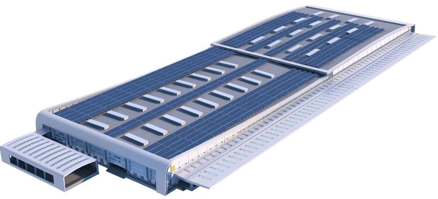 項目建設4棟單體廠房,最大單層面積1.9萬平方米,共設有21個5噸月臺升降機,滿足教輔教材等貨物儲存、分揀需求,廠房屋面安裝大面積光伏系統(tǒng)可實現(xiàn)部分園區(qū)設施、周邊交通運輸及公共設施“零碳”供電。
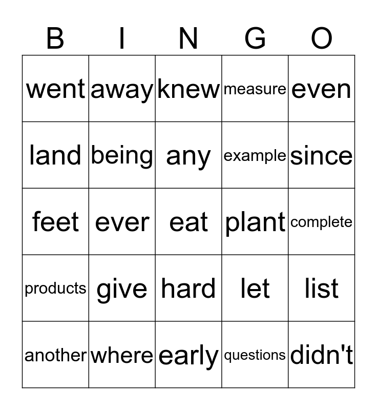 This bingo card has a free space and 24 words: give, where, any, another, even, went, land, away, plant, hard, example, feet, let, list, being, questions, complete, knew, since, ever, didn't, products, measure and early.
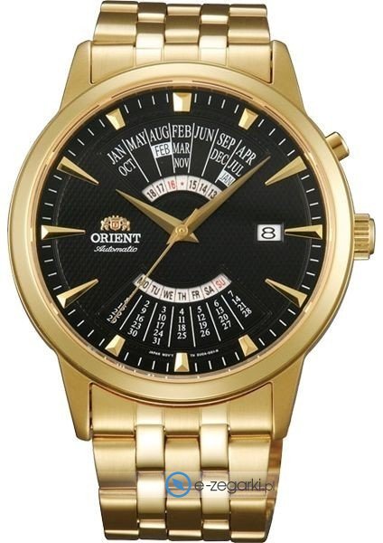 Zegarek męski FEU0A002BH marki Orient to dobre połączenie funkcjonalności oraz ciekawego wzornictwa. Niebanalny wygląd zegarka uzyskano również dzięki tarczy w kolorze czarnym. Aktualna godzina zaprezentowana jest w sposób analogowy co intuicyjnie pozwala ją odczytać. Koperta została pokryta kolorem złotym szeroka jest na 42 mm oraz ma grubość 11 mm - posiada okrągły kształt.
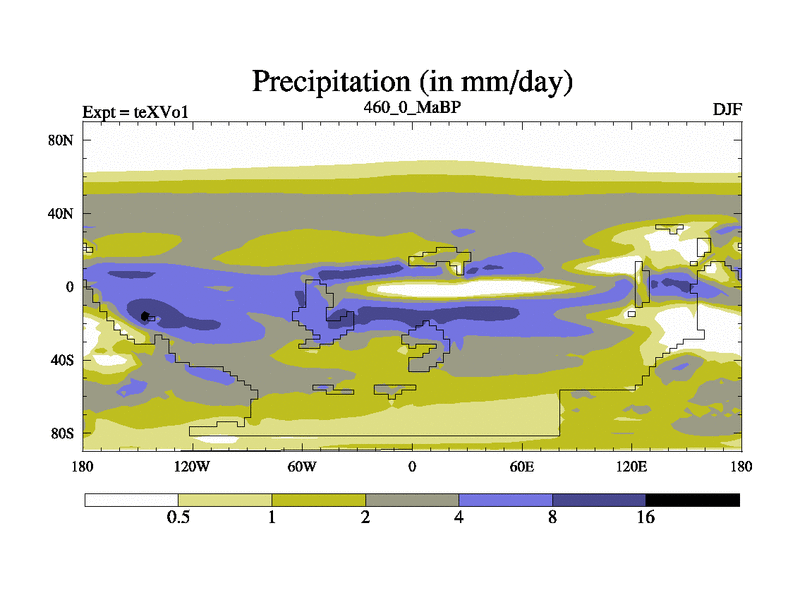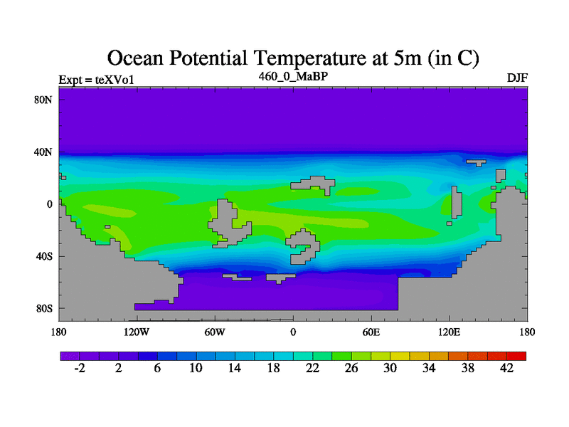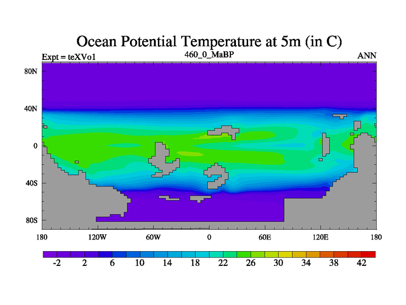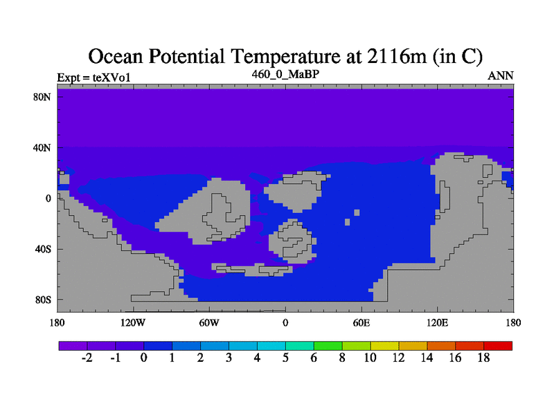This is the 460.0 Ma simulation using the Scotese palaeogeographies.

= = = =

WHAT YOU WILL DO
Would you copy out all the data exactly, without the images?

ANSWER AREA
 項目建設4棟單體廠房,最大單層面積1.9萬平方米,共設有21個5噸月臺升降機,滿足教輔教材等貨物儲存、分揀需求,廠房屋面安裝大面積光伏系統(tǒng)可實現(xiàn)部分園區(qū)設施、周邊交通運輸及公共設施“零碳”供電。
 This bingo card has a free space and 24 words: give, where, any, another, even, went, land, away, plant, hard, example, feet, let, list, being, questions, complete, knew, since, ever, didn't, products, measure and early.
 Zegarek męski FEU0A002BH marki Orient to dobre połączenie funkcjonalności oraz ciekawego wzornictwa. Niebanalny wygląd zegarka uzyskano również dzięki tarczy w kolorze czarnym. Aktualna godzina zaprezentowana jest w sposób analogowy co intuicyjnie pozwala ją odczytać. Koperta została pokryta kolorem złotym szeroka jest na 42 mm oraz ma grubość 11 mm - posiada okrągły kształt.
This is the 460.0 Ma simulation using the Scotese palaeogeographies.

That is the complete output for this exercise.